Saul Ewing | February 23, 2016
Summary
Maryland recently reaffirmed application of the “economic loss doctrine” to damages sought in construction disputes in Balfour Beatty Infrastructure, Inc. v. Rummel Klepper & Kahl, LLP, No. 496, Sept. Term 2014, 2016 WL 360875 (Md. Ct. Spec. App. Jan. 28, 2016). Thus, while some jurisdictions permit a contractor’s cause of action against a design professional/engineer for negligence arising from defective plans and specifications, even in the absence of contractual privity, Maryland is not one of them. Maryland steadfastly holds to the economic loss rule, which does not permit a cause of action for purely economic losses (such as delays or problems caused by defective plans) in the absence of direct contractual privity or its equivalent between the construction contractor and the design professional.
In Beatty, a contractor on a public construction project brought an action against an engineering firm for professional negligence. The contractor incurred costly delays and complications in reliance on allegedly defective designs and negligent misrepresentations concerning project timeline projections. In this design-bid-build project, there was no contract between the engineer and the contractor, both of which contracted directly with the public entity. The complaint sounded in tort, supported by the theory that the engineer owed the contractor a duty based on an “intimate nexus.” The trial court granted the engineering firm’s motion to dismiss pursuant to the economic loss doctrine, and the Court of Special Appeals affirmed.
In a comprehensive analysis of the doctrine, the Court held that there “can be no negligence where there is no duty that is due; for negligence is the breach of some duty that one person owes to another….” Moreover, the general rule is that a party cannot recover against another in tort where the resulting harm is purely economic loss and the parties have no contract between them.
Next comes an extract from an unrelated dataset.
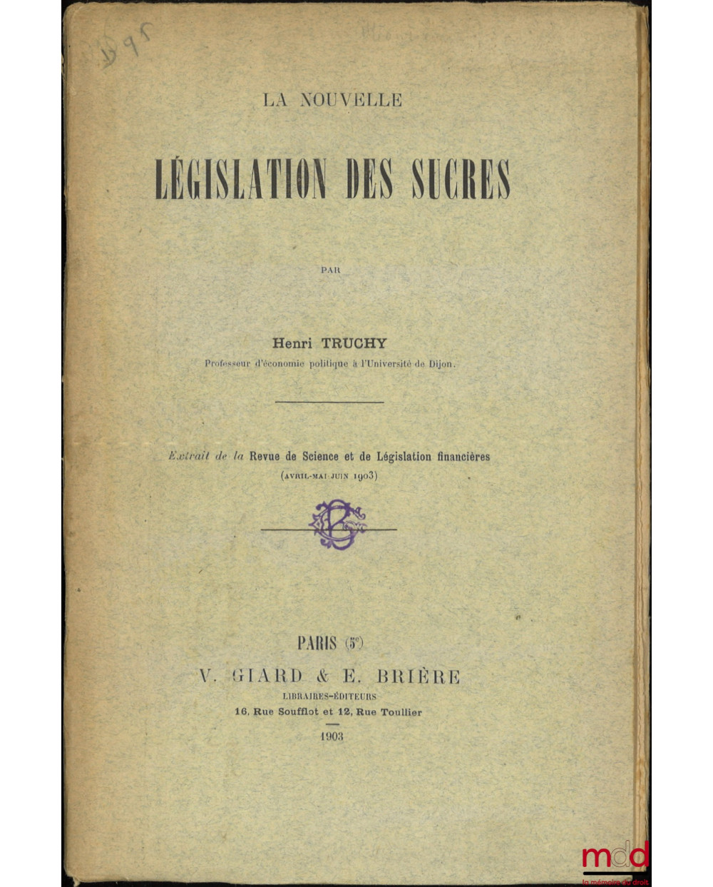 LA NOUVELLE LÉGISLATION DES SUCRES, Extrait de la Revue de Science et de Législation financières (Avril-Mai-Juin 1903)

The Court noted that the Spearin doctrine permits the contractor to rely on the plans, and thereby have a cause of action against the public entity with which it contracted, but that absent a direct contract between the contractor and the engineer, no cause of action may be brought against the engineer. See United States v. Spearin, 248 U.S. 132, 136, 54 Ct. Cl. 187, 39 S.Ct. 59, 63 L.Ed. 166 (1918).
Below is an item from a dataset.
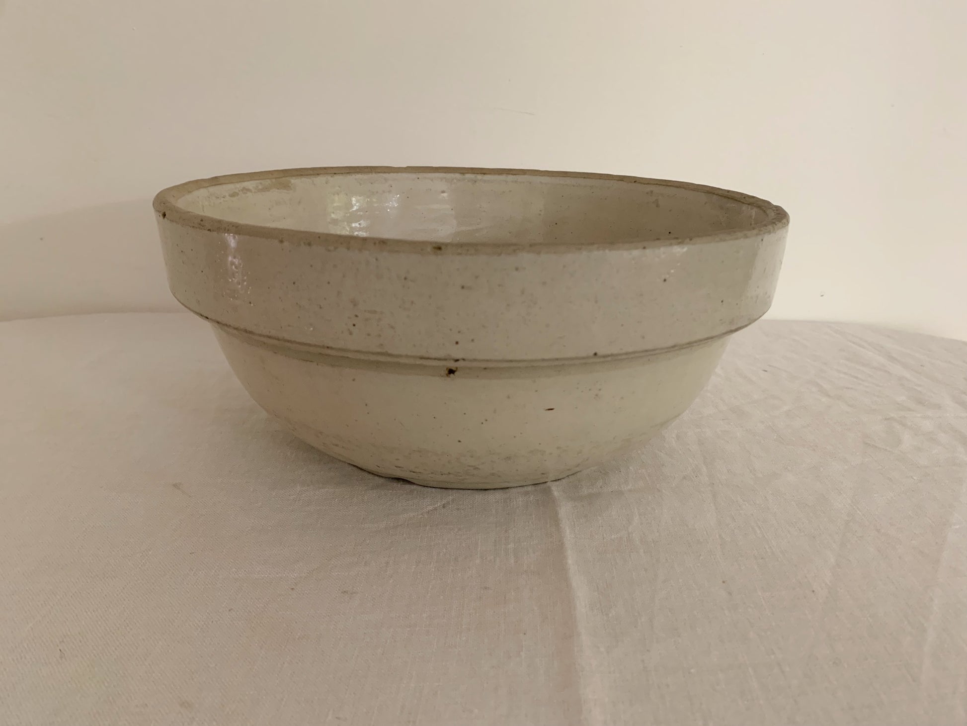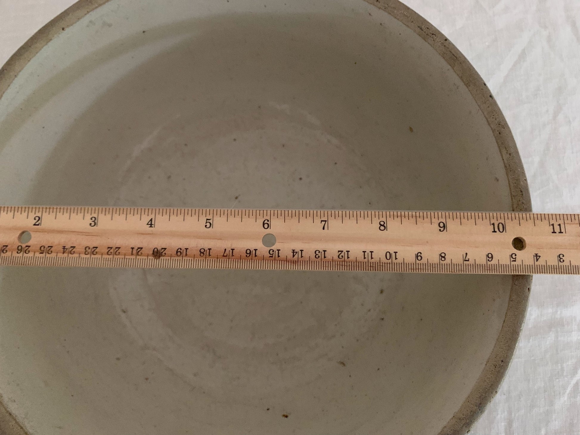 10.5" diameter. This gorgeous, antique bowl is the perfect primitive piece for any kitchen. The gray salt glaze looks cozy on the counter of a farmhouse kitchen or upscale and tasteful in a minimalist and modern kitchen. It is luxuriously thick with a wide band at the top. A beautiful piece of history.

Although the Court recognized that states are divided on the doctrine’s application to professional design plans, it nevertheless held that the “recovery of purely economic, benefit-of-the-bargain-type damages has long been limited in the United States.” Thus, a “construction contractor’s ability to recover for economic losses against a design professional where there is no contractual privity is generally limited to situations involving death, personal injury, property damage, or the risk of death or serious personal injury.”